In order to facilitate analysis of the complex immune response to cancer cells, a well-defined tumor model system has been established in our group. In this model the metastatic mouse breast cancer 4T1, transfected with the viral protein hemagglutinin (4T1-HA) as a surrogate tumor antigen, is used. The transfer of the viral HA gene provides a tumor that is much more immunogenic, due to response by CD 8 cytotoxic T cells of the mouse to the viral protein. In addition transgenic mice have been generated where the T cell receptor (TCR) transgene specifically recognizes a single dominant peptide of the viral HA protein (TCR-HA), thus allowing for this antigen-specific T cell population to be accurately followed and monitored in vivo.
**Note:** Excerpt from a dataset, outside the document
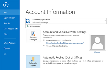 2. Click on the ‘Automatic Replies (Out of Office)’ button.

These mice have been crossed onto strains which lack some of the cytotoxic effector molecules of T cells such as perforin and FasL important for killing tumor cells in vitro. More recently we have used a Nanog-promoter-driven green fluoresence construct to mark 4T1.2-HA breast carcinoma cells with a more cancer """"""""stem cell"""""""" phenotype. Nanog is an embryonic transcription factor that maintains cells in a more primitive pluripotent state. Preliminary data suggest that the 4T1.2-HA-Nanog>GFP+ cells have many characteristics of cancer stem cells both in vitro and in vivo. We now have the ability, using these cells, to analyze how small subpopulations of cancer stem cells may respond to immune-mediated cytotoxic effects as well as standard chemotherapies and molecular targeted therapies, and compare their responses to the bulk cancer cell population. We are extending the Nanog-GFP system in an attempt to isolate cancer stem-cell like populations from various human breast carcinoma cell lines including SUM159 cells, generally regarded as human """"""""triple-negative"""""""" breast cancer cells.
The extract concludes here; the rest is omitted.